De conclusie van de rechtbank luidt dat de bezwaren die [verzoeker] aanvoert tegen het deskundigenrapport van [naam deskundige] niet zodanig zwaarwegend en steekhoudend zijn dat zij het gelasten van een nieuw deskundigenbericht rechtvaardigen. Naar het oordeel van de rechtbank geeft het rapport voldoende duidelijkheid over de voor de beslissing van het geschil relevante feiten en omstandigheden en is het bruikbaar om de procespositie te bepalen.

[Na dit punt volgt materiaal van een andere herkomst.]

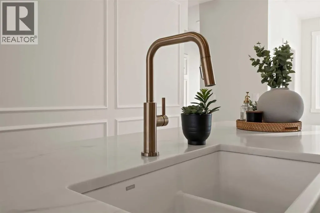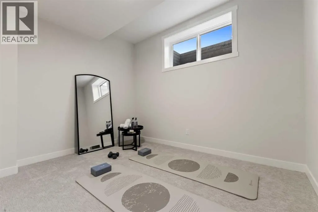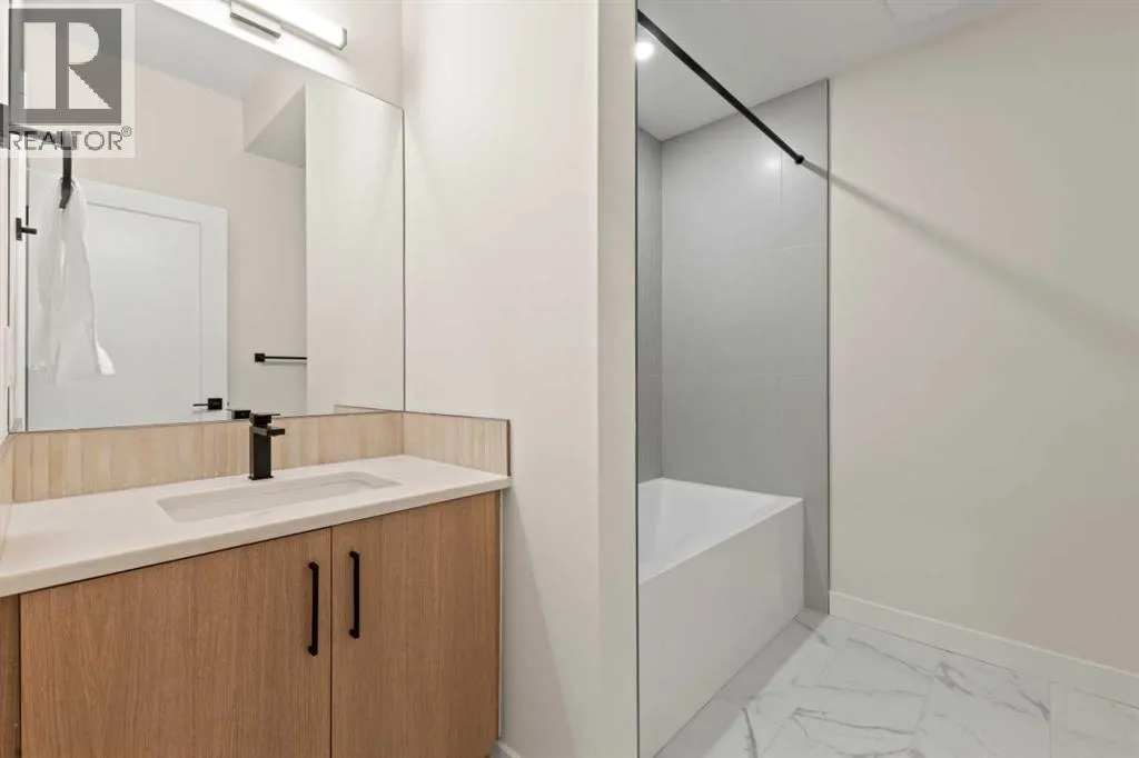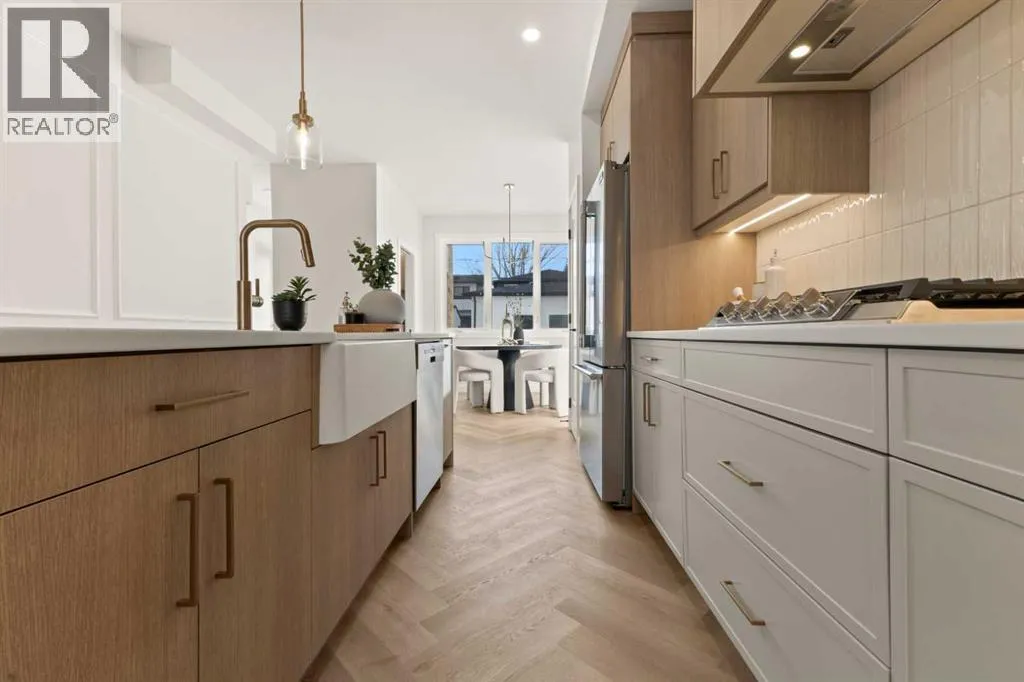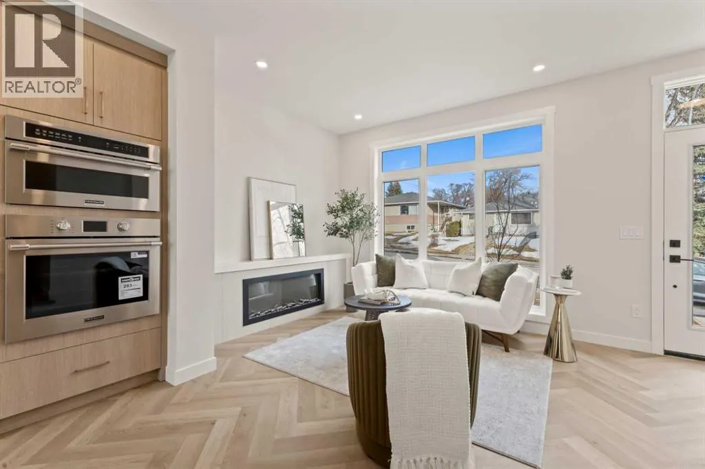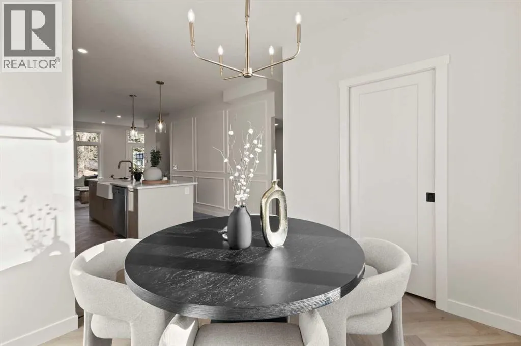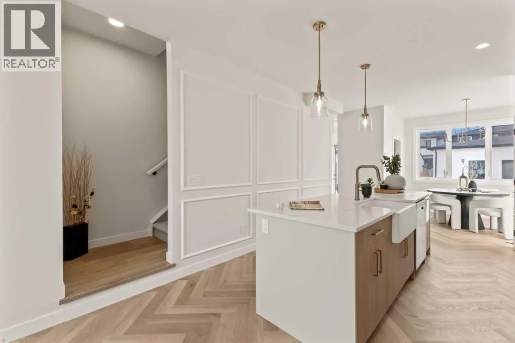 Welcome to THE SEVEN, an exclusive collection of seven luxury three-storey townhomes nestled in the heart of Glenbrook, one of Calgaryâs most sought-after inner-city communities. With 4 bedroom/4.5 bath (3 ensuites) and Designed for elevated urban living, these homes blend modern architecture, refined finishes, and thoughtful design just minutes from downtown.Step inside to a spacious main floor where a generous living room welcomes you with striking herringbone flooring flowing throughout and a beautifully tiled fireplace that creates a warm, inviting focal point. The designer kitchen is built for both everyday living and entertaining, featuring a large statement island, built-in oven and microwave, gas cooktop, and a pantry for seamless storage. The adjacent dining area offers the perfect setting for hosting dinners or relaxed family meals, while the stylish powder room delivers a boutique-hotel inspired feel for guests. A functional mudroom is tucked away at the rear, offering a separate entrance to the backyard and detached garage.The second level features two expansive bedrooms, each with its own private ensuite and walk-in closet, providing comfort and privacy for family or guests. A dedicated laundry room with additional cabinetry adds convenience and smart storage.Occupying the entire third floor, the grand primary retreat is a true sanctuary. Enjoy vaulted ceilings, elegant wall sconces, and a statement hanging chandelier above the bed, along with direct access to a private balcony perfect for morning coffee or evening relaxation. The spa-inspired ensuite features a dual vanity, stunning tile work, and a glass-enclosed shower, while the walk-in closet is finished with custom shelving and built-in cabinetry.The fully developed basement expands the living space with a large recreation room, stylish wet bar with under-cabinet lighting to set the mood, an additional bedroom, and a full bathroomâideal for guests, entertaining, or movie nights.Outside, residents enjoy a shared landscaped green space leading to a detached garage, while the homeâs exterior showcases a modern stucco façade accented with warm orange Hardie board details for striking curb appeal.Located in the vibrant community of Glenbrook, youâre just a short drive to downtown Calgary while enjoying the charm of established inner-city living, with nearby parks, schools, restaurants, and everyday amenities all within easy reach.Experience sophisticated design, modern comfort, and urban convenience at THE SEVEN. (id:27476)

Dat [verzoeker] het met de inhoud van het rapport en de conclusies van [naam deskundige] niet eens is, levert onvoldoende grond op om een nieuw deskundigenbericht te gelasten.
3.18.
Het verzoek zal daarom worden afgewezen en [verzoeker] zal als de in het ongelijk gestelde partij worden veroordeeld in de kosten die het ziekenhuis en Centramed in deze procedure hebben moeten maken. Deze kosten voor het ziekenhuis en Centramed samen worden begroot op € 904,- aan salaris advocaat (2 punten tegen tarief II) en € 619,- aan griffierecht.
4. De beslissing
De rechtbank
4.1.
wijst het verzoek af,
4.2.
veroordeelt [verzoeker] in de kosten van de procedure, aan de zijde van het ziekenhuis en Centramed begroot op € 1.523,-.
Deze beschikking is gegeven door mr. E.J.C. Adang en in het openbaar uitgesproken op 22 december 2016.